▶ Activity:
Your answer must be the lines from the one containing "证券时报·e公司记者注意到,目前在美团A" through the last line below, copied exactly, with no pictures.

--- Given records ---

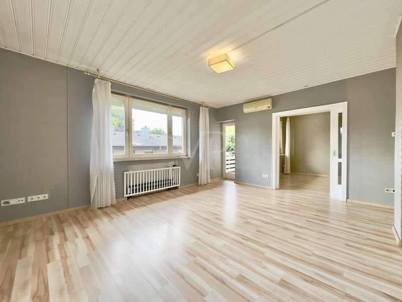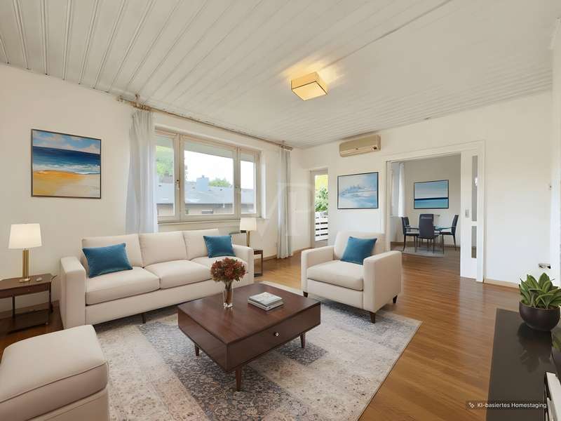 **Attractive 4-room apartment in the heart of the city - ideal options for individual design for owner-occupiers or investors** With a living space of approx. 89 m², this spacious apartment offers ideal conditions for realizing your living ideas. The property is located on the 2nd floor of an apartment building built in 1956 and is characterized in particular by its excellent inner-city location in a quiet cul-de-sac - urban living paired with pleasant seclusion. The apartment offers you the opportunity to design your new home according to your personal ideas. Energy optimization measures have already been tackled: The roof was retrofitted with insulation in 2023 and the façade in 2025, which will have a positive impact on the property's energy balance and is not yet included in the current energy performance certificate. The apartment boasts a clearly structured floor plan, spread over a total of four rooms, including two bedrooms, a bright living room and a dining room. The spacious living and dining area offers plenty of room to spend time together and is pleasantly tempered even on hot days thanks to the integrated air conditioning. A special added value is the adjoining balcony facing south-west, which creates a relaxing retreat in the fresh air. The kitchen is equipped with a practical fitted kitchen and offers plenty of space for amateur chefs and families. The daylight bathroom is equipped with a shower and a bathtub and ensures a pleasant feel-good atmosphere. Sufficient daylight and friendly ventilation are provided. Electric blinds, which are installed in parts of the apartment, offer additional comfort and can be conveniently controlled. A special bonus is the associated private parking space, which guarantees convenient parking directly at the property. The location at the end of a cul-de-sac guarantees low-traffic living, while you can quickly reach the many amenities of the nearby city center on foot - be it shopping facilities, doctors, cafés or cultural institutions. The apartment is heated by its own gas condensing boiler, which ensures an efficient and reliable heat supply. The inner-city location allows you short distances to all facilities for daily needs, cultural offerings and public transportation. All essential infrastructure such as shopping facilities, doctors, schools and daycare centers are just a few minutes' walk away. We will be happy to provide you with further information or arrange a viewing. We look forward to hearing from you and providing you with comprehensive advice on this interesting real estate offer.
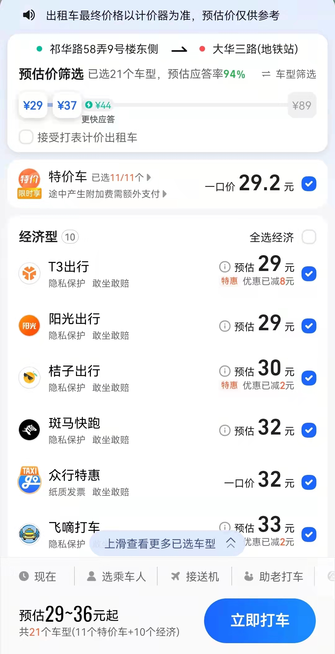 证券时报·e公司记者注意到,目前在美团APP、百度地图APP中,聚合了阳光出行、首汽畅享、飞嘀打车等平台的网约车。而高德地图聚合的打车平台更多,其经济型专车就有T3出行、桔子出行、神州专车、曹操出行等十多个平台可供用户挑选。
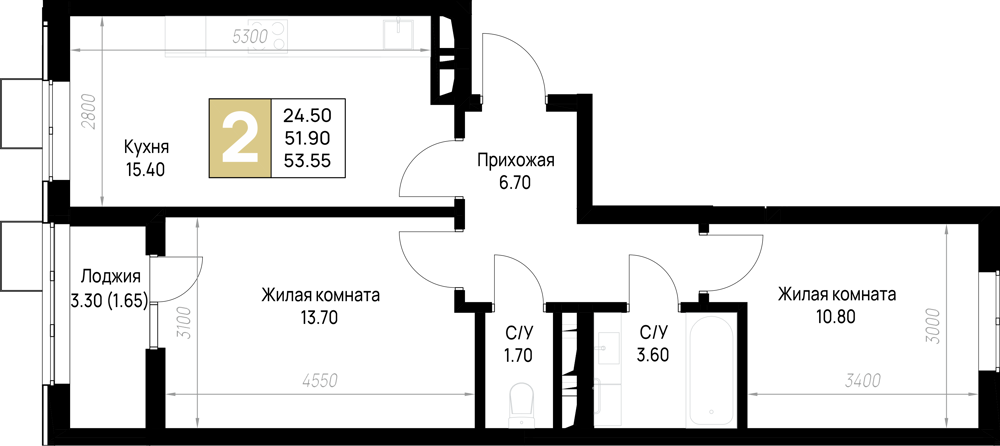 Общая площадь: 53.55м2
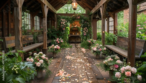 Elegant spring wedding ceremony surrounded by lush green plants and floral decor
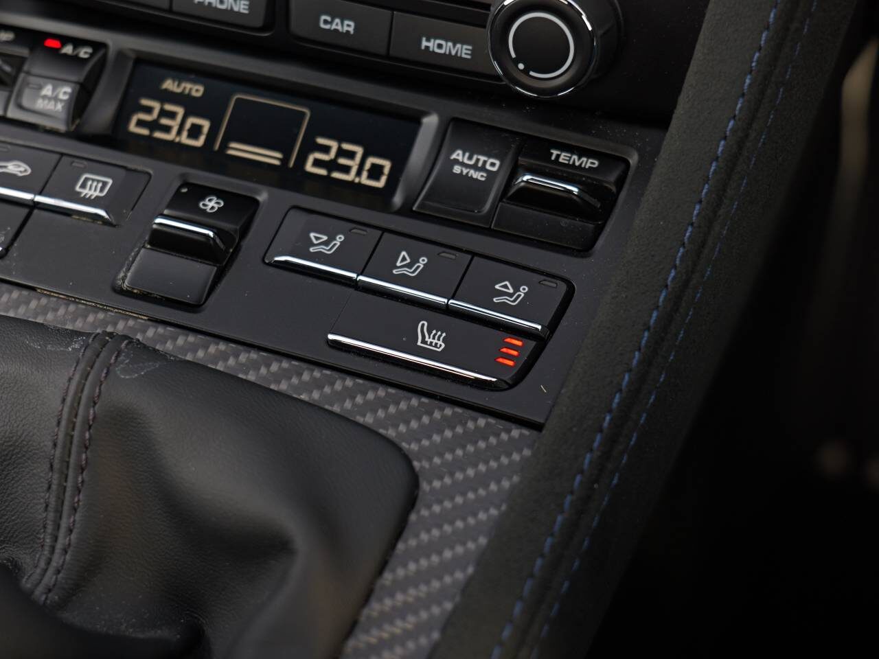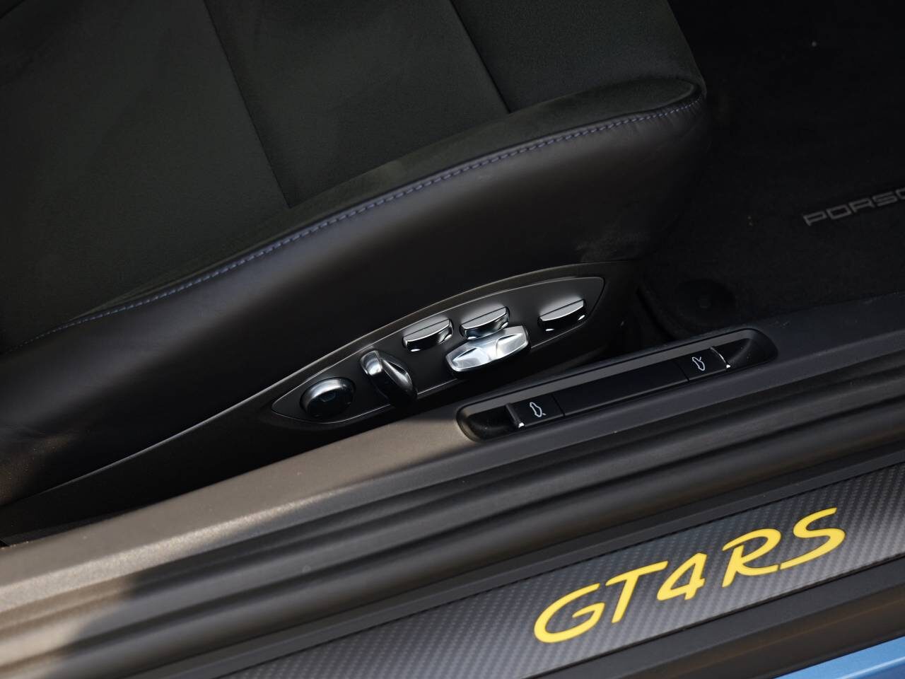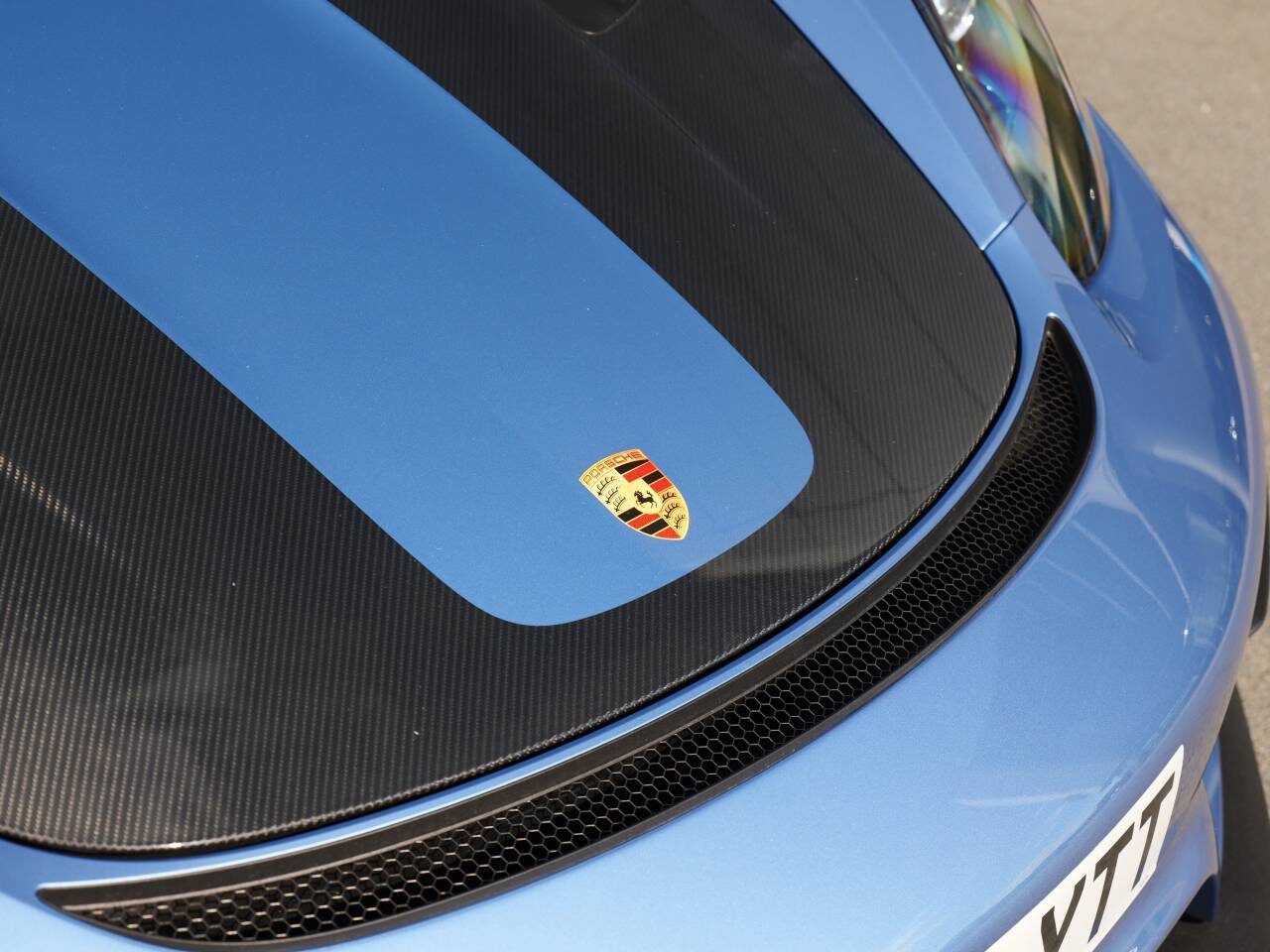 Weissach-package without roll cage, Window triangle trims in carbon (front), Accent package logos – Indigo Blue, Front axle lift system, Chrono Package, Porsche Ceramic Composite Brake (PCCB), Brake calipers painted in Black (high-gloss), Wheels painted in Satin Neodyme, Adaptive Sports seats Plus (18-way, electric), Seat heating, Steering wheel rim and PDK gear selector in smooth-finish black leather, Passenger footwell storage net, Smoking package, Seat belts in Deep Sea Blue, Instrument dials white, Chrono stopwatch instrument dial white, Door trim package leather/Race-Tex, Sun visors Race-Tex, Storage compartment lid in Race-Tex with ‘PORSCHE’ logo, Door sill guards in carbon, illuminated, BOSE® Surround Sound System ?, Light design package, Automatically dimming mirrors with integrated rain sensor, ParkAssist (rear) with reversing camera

---

▶ Answer below:
 证券时报·e公司记者注意到,目前在美团APP、百度地图APP中,聚合了阳光出行、首汽畅享、飞嘀打车等平台的网约车。而高德地图聚合的打车平台更多,其经济型专车就有T3出行、桔子出行、神州专车、曹操出行等十多个平台可供用户挑选。
 Общая площадь: 53.55м2
 Elegant spring wedding ceremony surrounded by lush green plants and floral decor
 Weissach-package without roll cage, Window triangle trims in carbon (front), Accent package logos – Indigo Blue, Front axle lift system, Chrono Package, Porsche Ceramic Composite Brake (PCCB), Brake calipers painted in Black (high-gloss), Wheels painted in Satin Neodyme, Adaptive Sports seats Plus (18-way, electric), Seat heating, Steering wheel rim and PDK gear selector in smooth-finish black leather, Passenger footwell storage net, Smoking package, Seat belts in Deep Sea Blue, Instrument dials white, Chrono stopwatch instrument dial white, Door trim package leather/Race-Tex, Sun visors Race-Tex, Storage compartment lid in Race-Tex with ‘PORSCHE’ logo, Door sill guards in carbon, illuminated, BOSE® Surround Sound System ?, Light design package, Automatically dimming mirrors with integrated rain sensor, ParkAssist (rear) with reversing camera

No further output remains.